| Records shown |
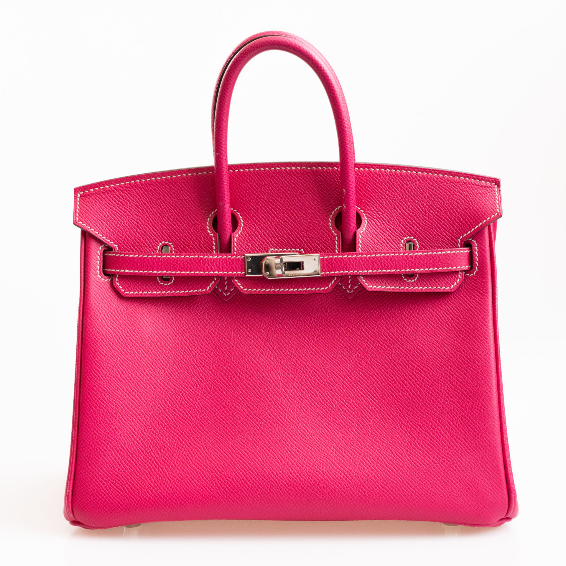 エルメスのバーキン25をお買取させていただきました。ローズテリアンのカラーのモデルでかなり鮮やかなピンク系のカラーです。ピンク系のカラーはいっときよりは人気が下がってしまいましたが、ビビットなカラーの中では比較的市場での人気が高いと言えると思います。今回ご依頼いただいたお品物は角擦れなども多少見られましたが、いずれも軽微なものとして総合的にABでのご評価をさせていただきました。エプソン素材のモデルに関しては、トゴやトリヨンクレマンスと比較し傷が目立ちやすく状態によって買取価格が下がりやすいという傾向があります。最新の相場や製造年などを考慮し150万円にてお買取させていただきました。
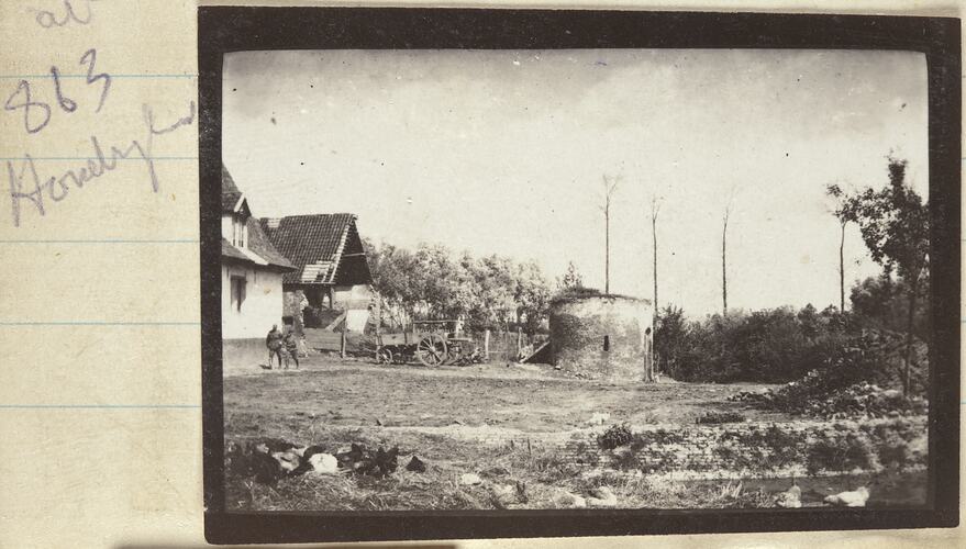 Om the foreground of the photograph there is a pond with a brickwall. Immidiatly behind the pond there is an old block house (round brick building) with a line of trees to the left and a open wooden building, a horse cart and a chalked building barely visible on the left edge. Two persons are walking in front of the chalked building.
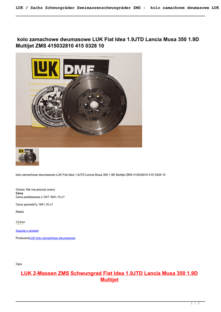 kolo zamachowe dwumasowe LUK Fiat Idea 1.9JTD Lancia Musa
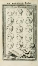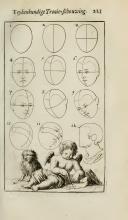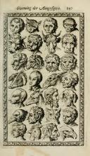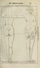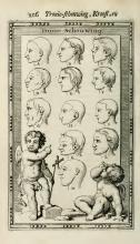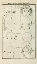 The text is a table of contents from a historic book on art and human form, providing headings and page numbers. Topics include the study of human anatomy, aesthetics, and certain societal views on beauty and behavior. A variety of anatomical and artistic concepts are introduced, such as face structure, hair styles, and cultural perceptions. |
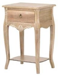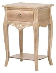 Stylowa szafka nocna w stylu rustykalnym, z bielonego drewna paulowni i topoli. Przecierana powierzchnia, gięte nóżki, rzeźbienia i metalowe uchwyty vintage. Szufladka i półka zapewniają funkcjonalność i francuski klimat sypialni.
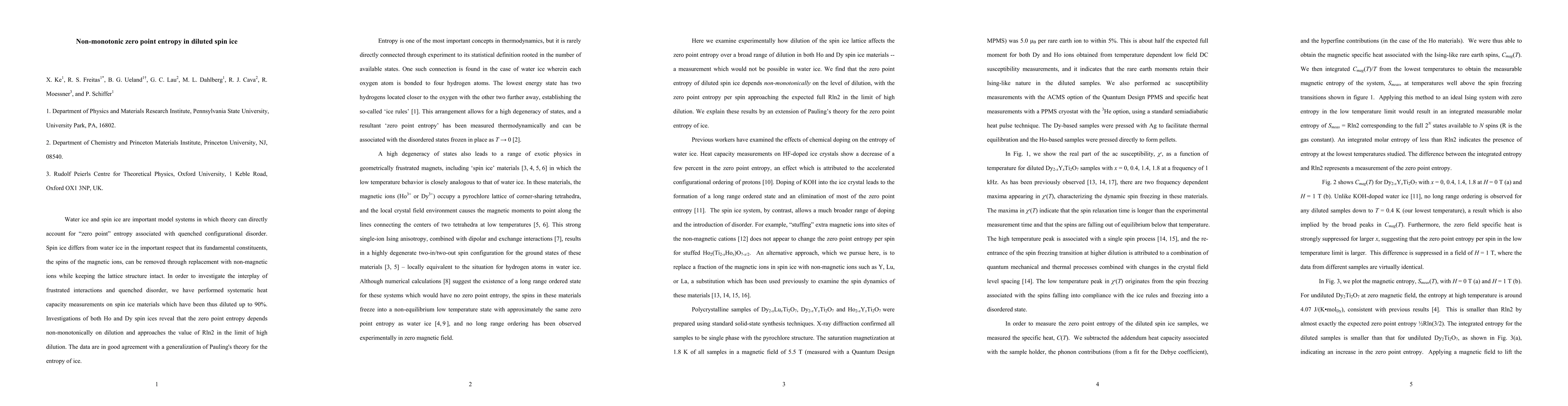This study investigates the zero point entropy in diluted spin ice materials, finding that it varies non-monotonically with dilution and approaches Rln2 at high dilution. The results align with a generalized version of Pauling's theory for ice entropy.
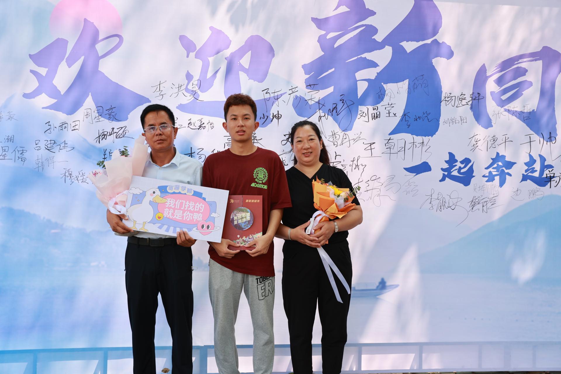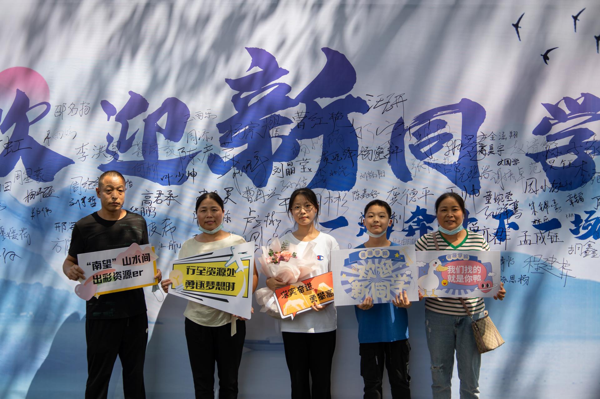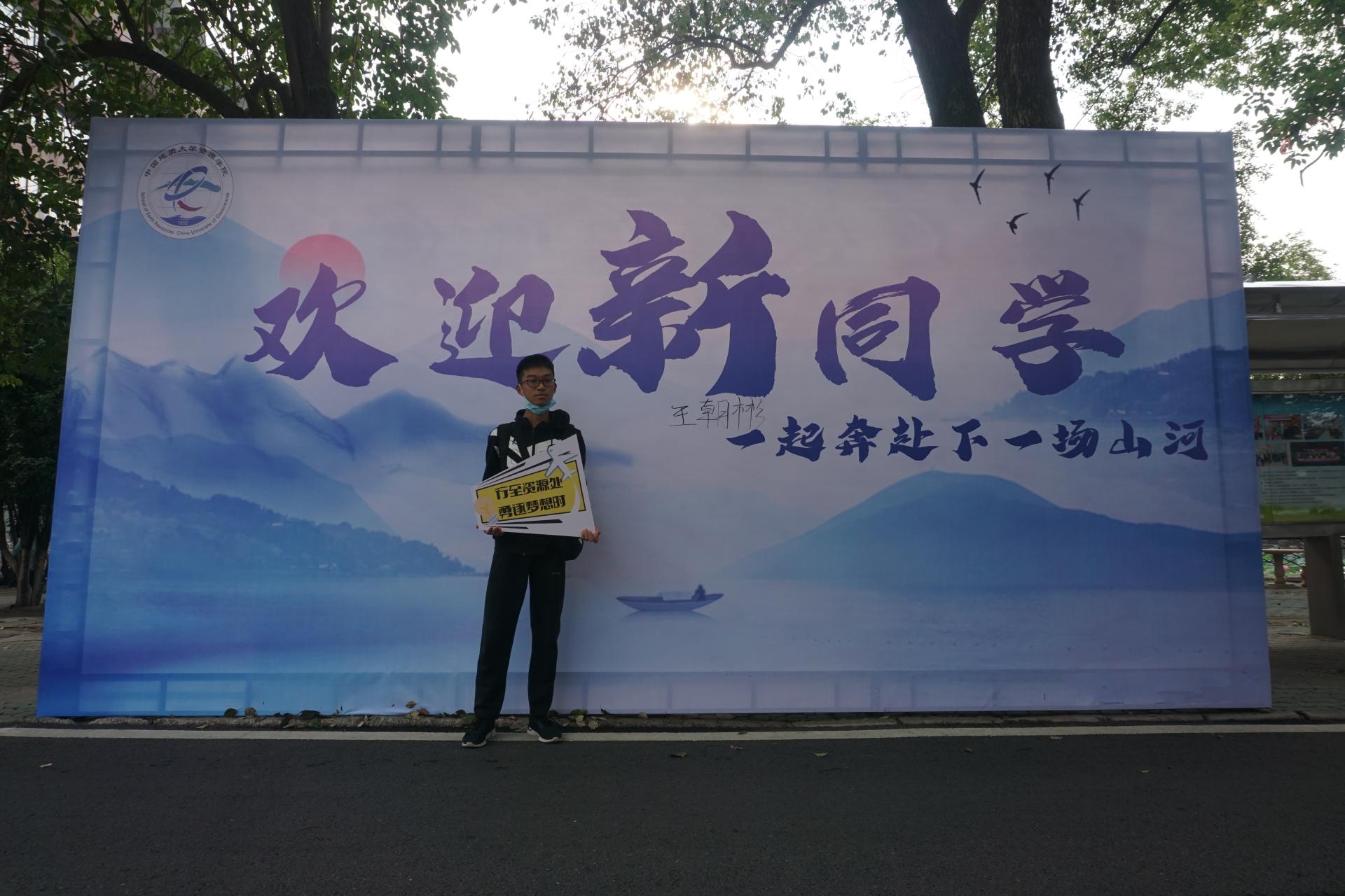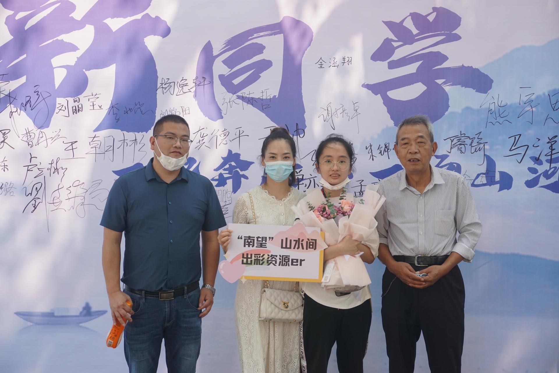 完成报道后与家人在签名墙留下了大学里的第一张合影

| Aim of the task |
Write out word for word the lines above that run from the one with "Om the foreground" to the one with "The text is". Include both end lines; exclude the images.

| Result of this exercise |
 Om the foreground of the photograph there is a pond with a brickwall. Immidiatly behind the pond there is an old block house (round brick building) with a line of trees to the left and a open wooden building, a horse cart and a chalked building barely visible on the left edge. Two persons are walking in front of the chalked building.
 kolo zamachowe dwumasowe LUK Fiat Idea 1.9JTD Lancia Musa
 The text is a table of contents from a historic book on art and human form, providing headings and page numbers. Topics include the study of human anatomy, aesthetics, and certain societal views on beauty and behavior. A variety of anatomical and artistic concepts are introduced, such as face structure, hair styles, and cultural perceptions. |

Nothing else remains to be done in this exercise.